Abc.es 14/04/13

Quizás algún lector crea que la investigación realizada por científicos del Servicio Geológico de los Estados Unidos (USGS) roza lo absurdo, pero la sospecha de que una fuerte actividad solar pueda ser causante de que la Tierra se estremezca ha sido defendida por algunos investigadores y está bastante extendida. Lo suficiente como para que alguien se haya interesado en intentar esclarecer el asunto. Y la respuesta es que parece que no, ni las llamaradas solares por muy grandiosas y espectaculares que sean ni las eyecciones de masa coronal (las partículas ardientes lanzadas al espacio por el Astro rey) pueden provocar que la superficie del planeta se eche a temblar.

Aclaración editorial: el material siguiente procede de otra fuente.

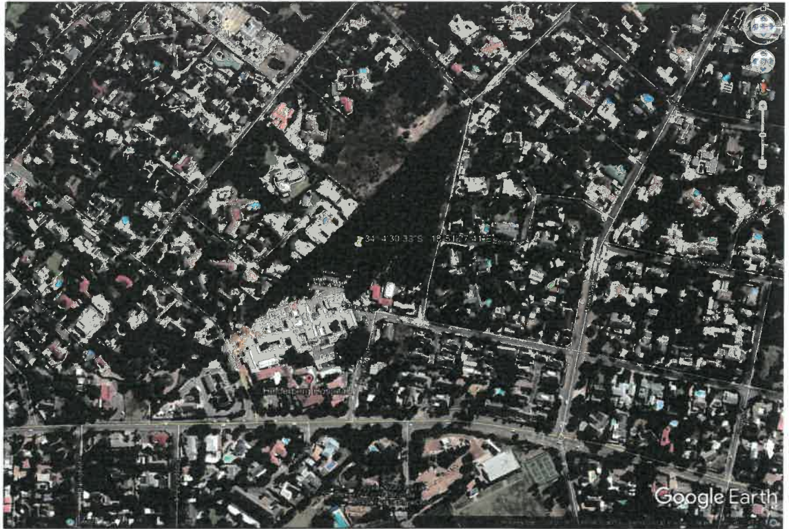
Aerial Image 1: Location and coordinates of the alleged illegal activity (34° 4'30.33\"/>
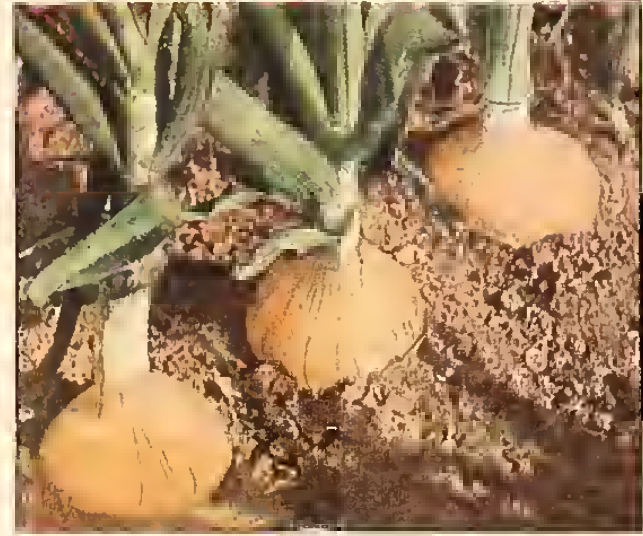
Barnard's Prizetaker Onions

Red Bottom Sets. Lb. 30 cts.; \frac{1}{2} lb. 15 cts.
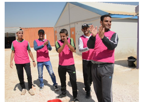
NRC students compete in a 'telematch' competition to mark International Youth Day.

Youth volunteers from various agencies, YTF members and colleagues from Protection, Age and Disability TF, Community Gatherings and Education sector attended the YTF held a mid-year review workshop on the 1 st of September at IRD center in D2. The workshop was held in Arabic, allowing for active participation by youth in the camp. Participants reviewed recent assessments and discussed recommendations in groups to prioritise actions to address the needs of youth in the camp. These were then added to the YTF Action Plan, which was reviewed and amended by the group.
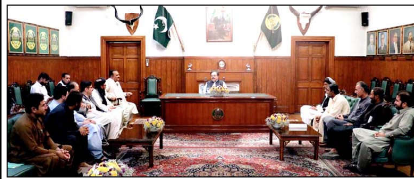
QUETTA: Different delegations meeting with Governor Balochistan Sheikh Jaffar Khan Mandokhail
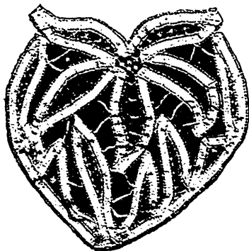
No. 612. LILY DOILY. Price of Pattern, 7 cents.

Instead of being embroidered they may be purchased ready made and applied to the net.
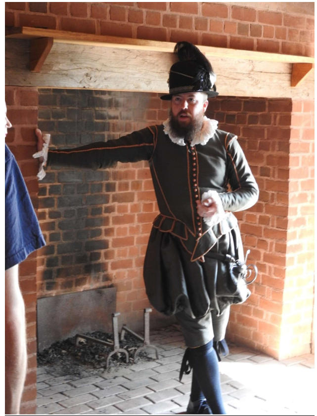
A councilor taking a break during proceedings.

Accompanied by my wife and one of my sisters, I enjoyed attending the Society's 400 th anniversary activities. However, I did so on a part-time basis. The three of us plus a cousin were torn between the Jamestowne Society and the National Society of Claiborne Family Descendants. The latter held its reunion at the same time and in the same area. I ended up with one foot squarely in each camp.
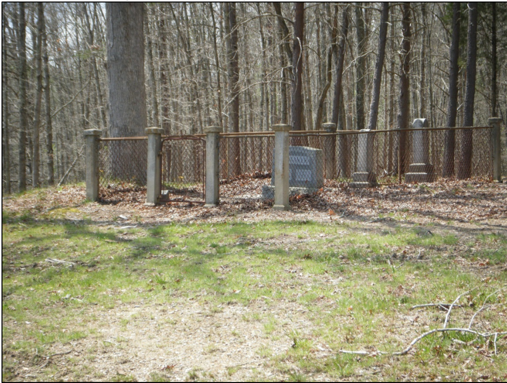
Photograph of another section of 46-HM-234, looking southwest.
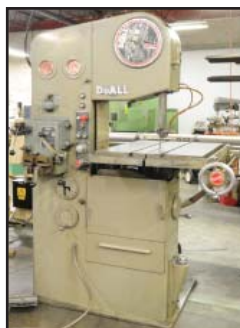
DO-ALL 1612-3 vertical bandsaw
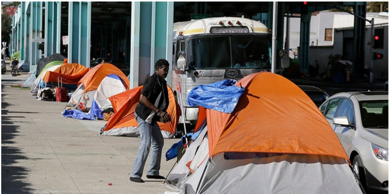
A man stands outside his tent on Division Street in San Francisco.

He added: “The intention was to help, of course, but what it really wound up doing is that it made San Francisco more attractive to those who are both homeless and those who are drug addicts to move here. We are now finding that homelessness is increasing. Drug addiction is increasing and the number of people here — the numbers are increasing, as well.”
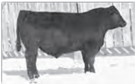
Maternal brother • Mc Cumber Valubull 6032

Recommended for use on heifers- 0020 is a heavy muscled, light birth son of Coleman Emblazon that earned one of the top 205 day weights of his contemporary group to ratio 107. He scanned a REA of 12.6 to ratio 103, and displays extra shape and expression to his top. His dam is an easy fleshing, good uddered daughter of Mc Cumber 8113 Equator 1190 with two sons selling for an average of over $3600 to Arne Domben, and Sidney Strelow in ND.
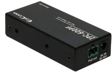
Transmitter (Network Side)
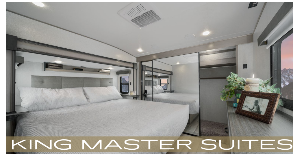
KING MASTER SUITES
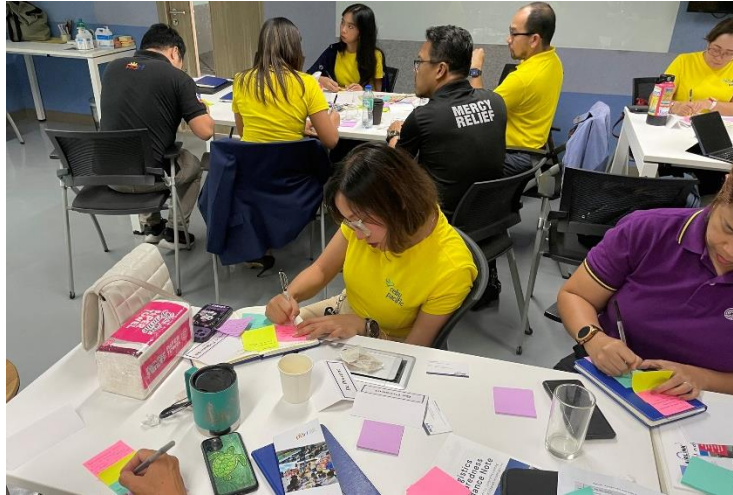
Participants during one of the training sessions
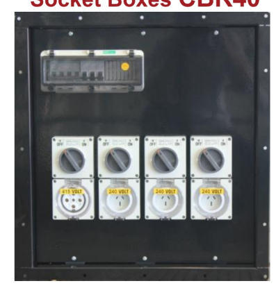
Socket type 3 x 15A 2P + T 1 x 32A 3P + N + T
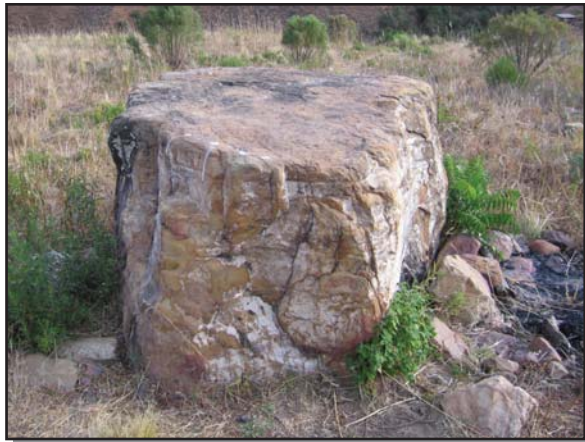
Human sacrifices were once offered on this stone altar.
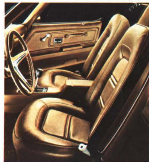
Custom interior—standard on Firebird Esprit, available on Formula Firebird and Firebird Trans Am. Shown in saddle—also available in red, white, blue, green and black.

Shown on the cars on these pages are some of the options and accessories offered by Pontiac at extra cost.
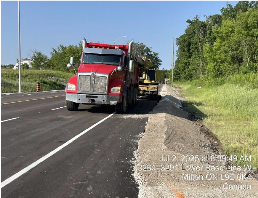
Figure 2.1.1 – July 2, 2025

Grading and shoulder shaping on the west side of Lower Base Line bridge.
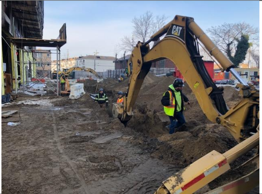
Photo 2- View of utility installation in B5.
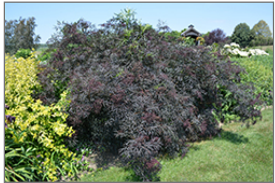
Black Lace Elder
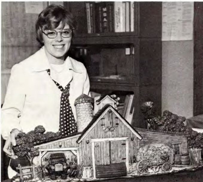
...Marilyn Kasules (Safety) ceramic wall piece...
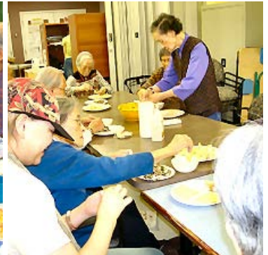
The Cooking Group
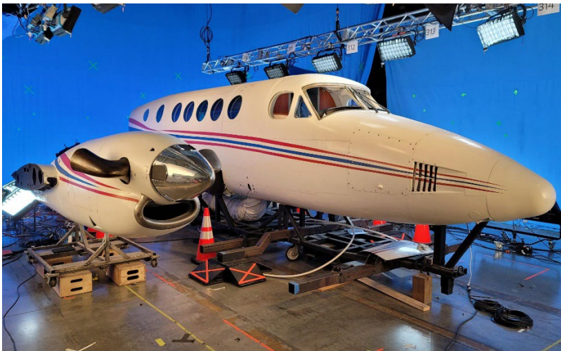
King Air 200 (B200) fuselage shown with engine nacelle.

Note: Fuselage is mounted to a steel base, the cockpit and forward panel is wild. The cabin has two wild panels
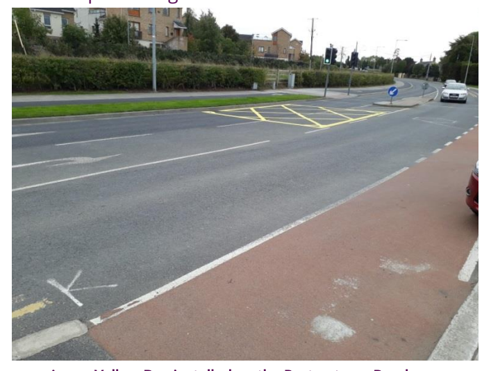
A new Yellow Box installed on the Porterstown Road

areas and will continue in the coming weeks, weather permitting.
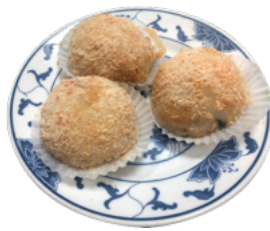
播沙湯圓 Chinese Sesame Soft Balls $7.75
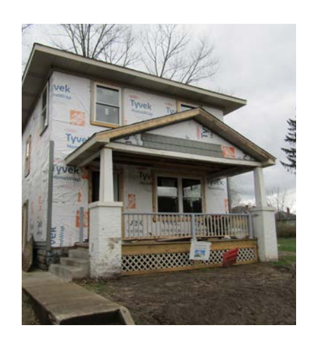
Rehab Construction Homeownership: 750 Harrison Ave
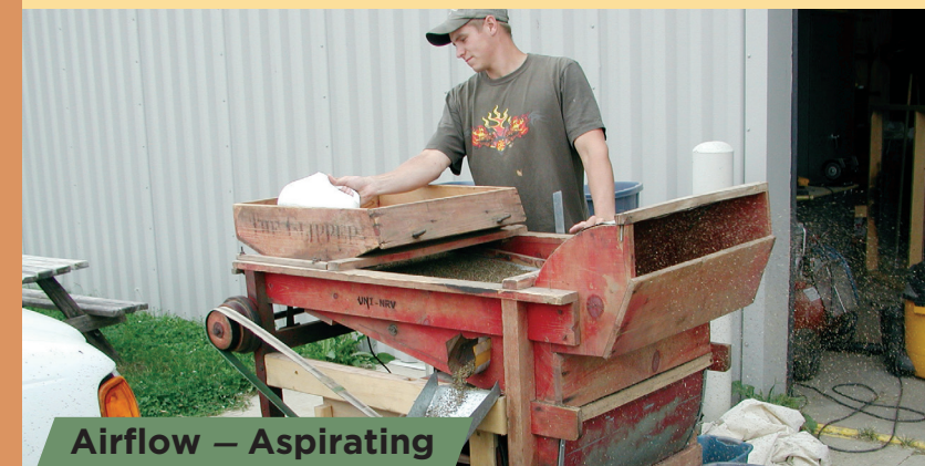
Airflow — Aspirating

Winnowing uses horizontally moving air to separate heavy from light particles. Winnowing seed in a gentle breeze can be very effective in removing chaff and light seed. To achieve more control, place a tarp on the floor and an ordinary box fan at one end of the tarp. Pour seed gently in front of the fan. Heavier seed falls closer to the fan than light seed or empty seed. Fine-tune the process by experimenting with fan speed and distance from the fan. Once you find the most effective combination, continue to pour the seed in front of the fan in a consistent manner. The seed should now be laying somewhat fanned out on the tarp, with the heavier seed nearer to the fan and light or empty seed further away. Using a thumbnail, push down on the seed coats closest to the fan at first, repeating this test as you gradually move away from the fan. Heavy seed will feel firm and resist being crushed with gentle, downward pressure; empty seeds, on the other hand, will offer little resistance and crush easily. Make a determination where the heavy seed ends and the light or empty seed begins, and draw a line through the pile of seed at this point. Clean, heavy seed can then be swept up and stored for planting, while the rest is discarded.
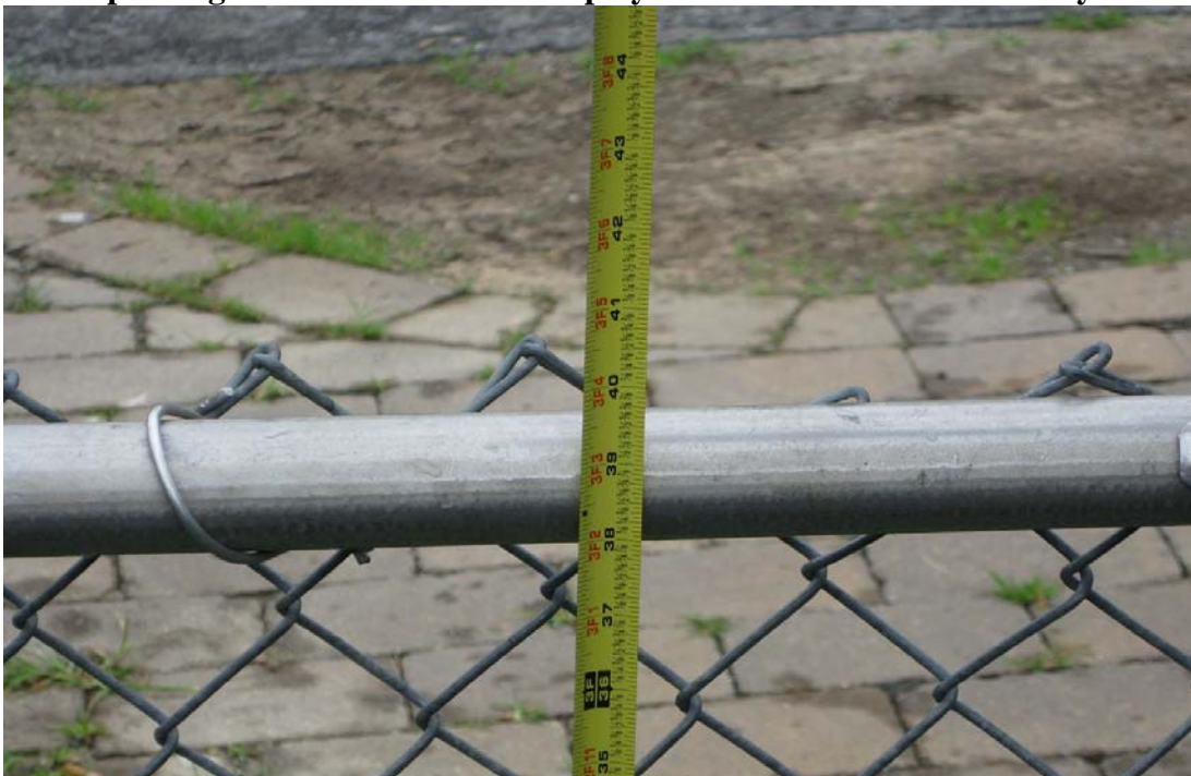
Photograph 2 – Taken at Benning Parks on 6/17/2009 showing that the fence enclosing the outdoor play area was 40 inches high rather than the required 48 inches.
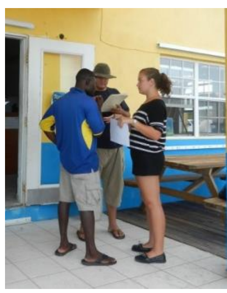
Turks & Caicos Islands
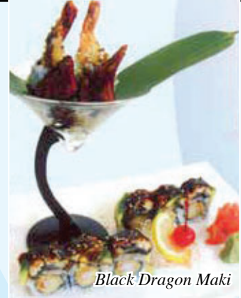
Black Dragon Maki

Consumers that consuming raw or undercooked meats, poultry, seafood, shellfish, or eggs may increase your risk of food borne illness, especially if you have certain medical conditions
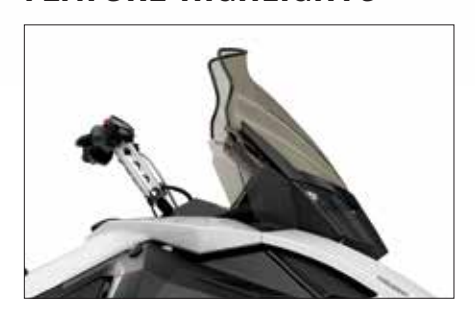
High Windshield Sculpted to offer improved rider and passenger wind deflection.
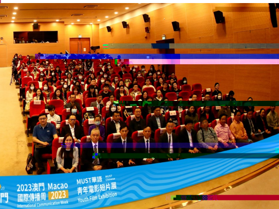
Visual Macau 2023 Macao International Communication Week and MUST Chinese Youth Film Short Film Exhibition
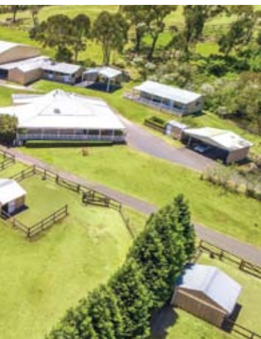
SOLD - $5,400,000
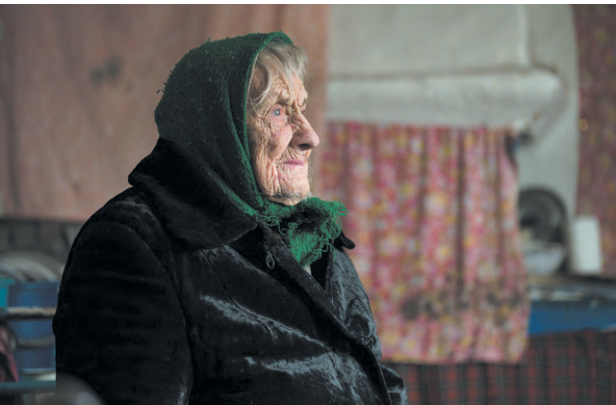
Holocaust survivors in Israel and Ukraine.

For many Holocaust survivors, loneliness adds to their financial struggles. More than half still suffer from the lasting psychological effects of their childhood trauma. The horrific events of 7 October 2023, retraumatised many, leaving them too afraid to leave their homes. With the support of the Café Europa in Jerusalem, lonely survivors can meet weekly for coffee and companionship. For many, the Hineni soup kitchen provides their only meal of the day. We were also able to support impoverished Holocaust survivors in Israel and Ukraine—through home visits, food assistance, and essential aid including medicine, glasses, and hearing aids. Your support brings comfort and dignity to those who have endured so much.
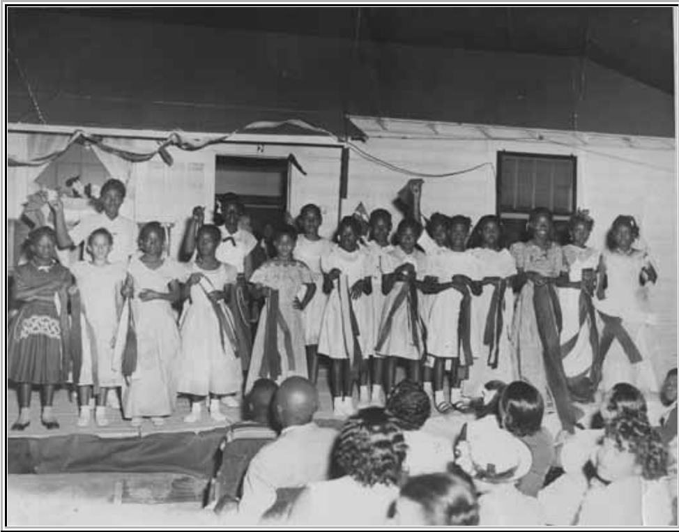
Graduation ceremonies , c. 1950
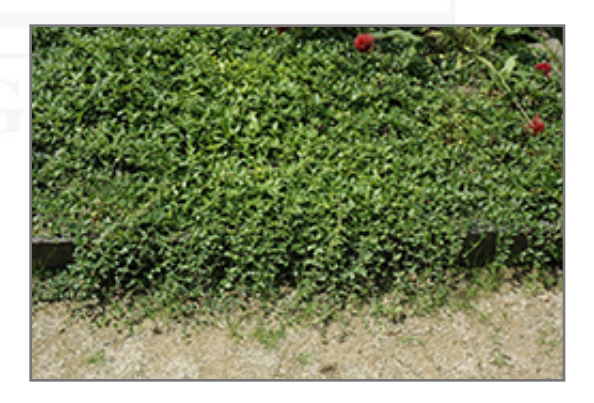
Bowles Cunningham Periwinkle

Bowles Cunningham Periwinkle is an herbaceous evergreen perennial with a ground-hugging habit of growth. Its medium texture blends into the garden, but can always be balanced by a couple of finer or coarser plants for an effective composition.
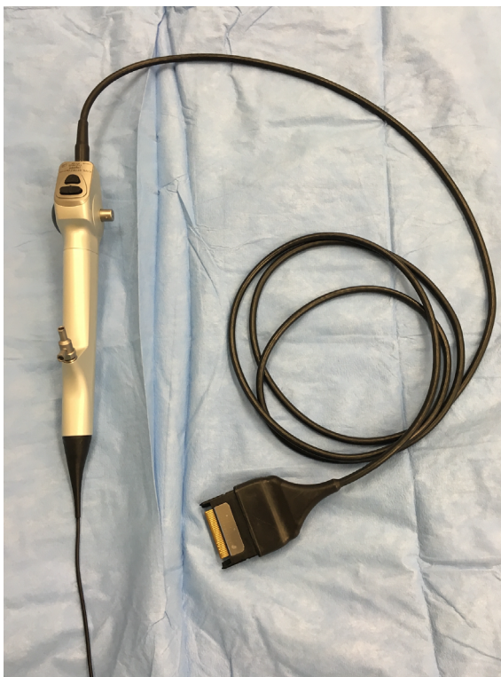
Figure 3 Karl Storz Flex Xc flexible digital ureteroscope.

Digital ureteroscopes possess relatively larger distal tips compared to fiber-optic ureteroscopes. Most current generation digital ureteroscopes have a tip diameter of 7.7–8.7 French, which can be a limiting factor when attempting to access the upper tracts in patients. The BOA and COBRA System (Richard Wolf, Knittlingen, Germany) digital ureteroscopes currently have the smallest tip diameters of 6.6 and 5.2 French, respectively, but there has been no data published commenting on the use of these ureteroscopes in vivo. Several studies have reported the inability to pass
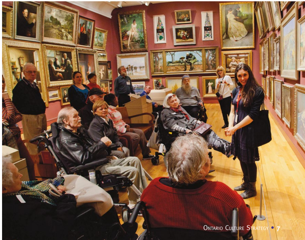
Art in the Moment gallery tour at the AGO.

As our public engagement process made clear, culture is a fundamental, organic and vital part of our lives and our community life. Many people spoke or wrote about culture as a fourth pillar of community sustainability and well-being, alongside social equity, economic health and environmental responsibility. 4 Participation in arts, culture and recreation is an indicator of quality of life in the Canadian Index of Wellbeing. 5
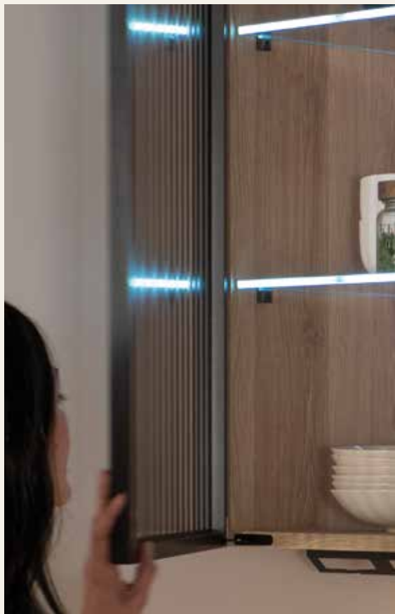
THE CONCEALED HINGES AND INTEGRATED LED LIGHTS GIVE EXCLUSIVITY TO THE SET.

Decimos «parece» porque los autores reconocen que el resultado de sus indagaciones no es concluyente. No han encontrado una conexión, pero tampoco pueden poner la mano en el fuego por que esta no exista.

Lo que sí existe es la creencia de que los terremotos pueden activarse o ser más intensos cuando el Sol entra en una fase de gran actividad. Un estudio publicado por el Space and Science Research Centre en Florida (EE.UU.) hace tres años encontraba una fuerte correlación entre la actividad solar y los mayores eventos sísmicos y volcánicos en la Tierra. Cuando sucedió el devastador seísmo de Japón el 11 de marzo de 2011, el Sol estaba muy despierto, lo que suscitó aún más el interés popular por este asunto.

No hay relación

Jeffrey Love, geofísico del USGS, quiso comprobar por sí mismo si algo así podía ser cierto con la ayuda del equipo científico Northwest Research Associates y comprobó el estado del Sol el mismo día que se produjeron distintos terremotos. No encontró un parámetro que se repitiera. «Hay algunos seísmos como el de Chile de 1960, de magnitud 9,5, en el que había más manchas solares y más actividad geomagnética de lo que es habitual, pero en el de Alaska de 1964 todo estaba más tranquilo de lo normal», pone como ejemplo Love aUniverse Today. En definitiva, algunos terremotos han coincidido con momentos de gran actividad solar y otros no, y se han producido grandes tormentas solares sin que la corteza terrestre se quebrara al mismo tiempo. Los resultados, publicados en la revista Geophysical Research Letters no son concluyentes.

«Es natural que los científicos quieran ver las relaciones entre las cosas», dice Love. «Pero eso no quiere decir que esa relación exista realmente».